The first person to break the silence was Cleavage, who was making her way back into the pool hall, followed by Moose. ‘I think we oughta get the hell outta here before Reuben rounds up a bunch of his friends and comes back here in greater numbers,’ she suggested.
‘Fuckin’ good idea,’ said Vanity. ‘He’ll turn this place into a fuckin’ circus. Come on, people, let’s roll. Head home for the night and we’ll meet up again tomorrow in the Nightjar.’ He looked over at Dante. ‘You done okay, my friend. Come to the Nightjar again tomorrow night and we’ll talk some more.’
Dante nodded, breathing a huge sigh of relief. Somehow he’d made it through another night undercover with the Shades. One thing was bugging him, though. He was only alive because someone had saved his ass by firing a bullet into the skull of the clown who had been about to kill him. And they had done so just after the clown in question had announced that Dante wasn’t a real vampire. Everyone had heard the gunshot, but had anyone heard what the clown had said?
Above all, why was no one owning up to the shooting?
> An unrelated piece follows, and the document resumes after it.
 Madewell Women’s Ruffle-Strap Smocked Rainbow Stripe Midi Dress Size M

Igor parked the two-tone blue-and-green camper van right outside the front of the police headquarters. It was late and the streets were largely deserted, and as most of the folks who were out at that time of night were criminals this was the last place they would be hanging around. After a quick check up and down the street Igor and his companion made their way round to the double doors at the back of the van. Pedro opened them carefully. They were relieved to see the body of the patient they had brought back from Dr Moland’s Hospital was still there, not moving. No doubt still unconscious from the blow to the head received back at the hospital as he slept. He hardly looked threatening, either. He was wearing a pair of dark blue jogging bottoms and a thin blue pullover with red sleeves, the same clothes that he had been sleeping in when they ambushed him.
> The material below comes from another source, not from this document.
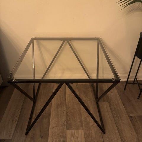 Bord, fåtölj och bord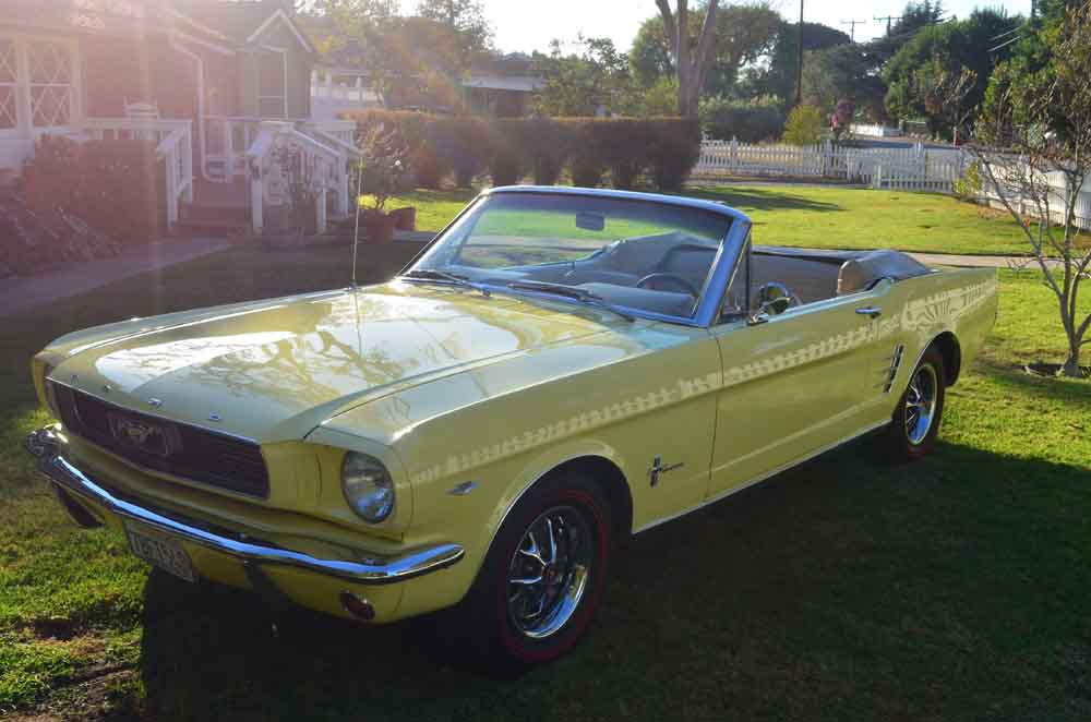 Built in San Jose and Sold new out of Los Angeles, this 71,400 original mile California beauty is stunning in its original Springtime Yellow with Parchment interior and Tan Heartz Canvas power top. Featuring: 289 V-8 (C Code) with Automatic, Factory Air Conditioning power steering and power disc brakes, center console, Factory Styled steel wheels and Dual redline radial tires This highly desirable Mustang has received a complete mechanical and cosmetic restoration and it looks, runs, drives and stops, better than new!

Igor dragged the body out by the feet and threw it over his shoulder. Pedro closed and secured the van doors behind them as the big werewolf carried their prisoner up the steps at the front of the headquarters and in through the glass doors to the reception area. After making sure the van was locked, Pedro followed on behind, checking round to see if anyone had noticed them.
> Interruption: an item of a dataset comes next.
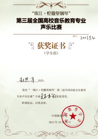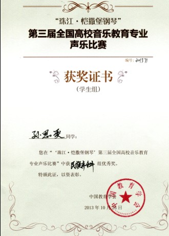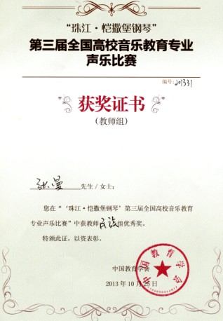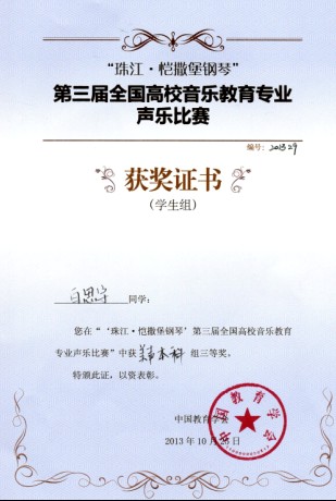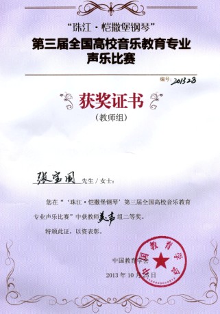 10月20日-25日,由中国教育学会主办,中国教育学会音乐教育分会、西南大学承办的第三届全国高校音乐教育专业声乐比赛在西南大学365英国上市集团隆重举行。365英国上市集团副经理张奕峥副教授亲自带队,经过激烈的角逐,365英国上市集团张宝国老师获得教师美声组二等奖,张曼老师获得教师民族组优秀奖,2010级音乐表演(美声专业方向)员工白思宇获得本科美声组三等奖,2010级音乐表演(美声专业方向)员工赵恩泽获得本科美声组优秀奖,2011级音乐表演(民族声乐专业方向)员工孙思雯获得民族本科组优秀奖。

They had successfully surprised the sleeping patient in Room 43 at the hospital, and after Igor had violently slammed him over the back of the head with enough force to knock him into a different kind of sleep, Pedro had pulled a cloth bag over his head. It had been all too easy. De La Cruz had warned them that this guy could be highly dangerous. That might still
turn out to be true, but they had caught him unawares, and he had let himself be taken without any kind of fight at all.
It being the middle of the night, the reception desk was manned by just one officer. His name was Francis Bloem, a cautious, rule-bound, red-haired officer in his late twenties. He recognized the two wolfmen, and wasn’t in the least bit fazed by the sight of one of them carrying a body.
‘That the package you picked up from the hospital?’ he asked, nodding at the hooded figure.
‘It might just be,’ Igor replied. ‘Mind if we come on through?’
‘Knock yourselves out,’ the officer replied.
As Igor lugged the body through reception to the elevators at the far end, MC Pedro stopped and gave Officer Bloem an evil stare. Then he launched into one of his stupid and pointless raps. ‘Who’s gonna knock who out? I’m gonna knock you out, hear what I say, homie?’
Bloem sat with a quizzical look on his face, unsure how to respond, and by the time he realized that Pedro’s rap made no kind of sense, the werewolf pair were stepping into the elevator and heading down to the locker room beneath the headquarters. He shook his head, then buzzed Captain De La Cruz using the speeddial on his switchboard. The Captain answered after one ring.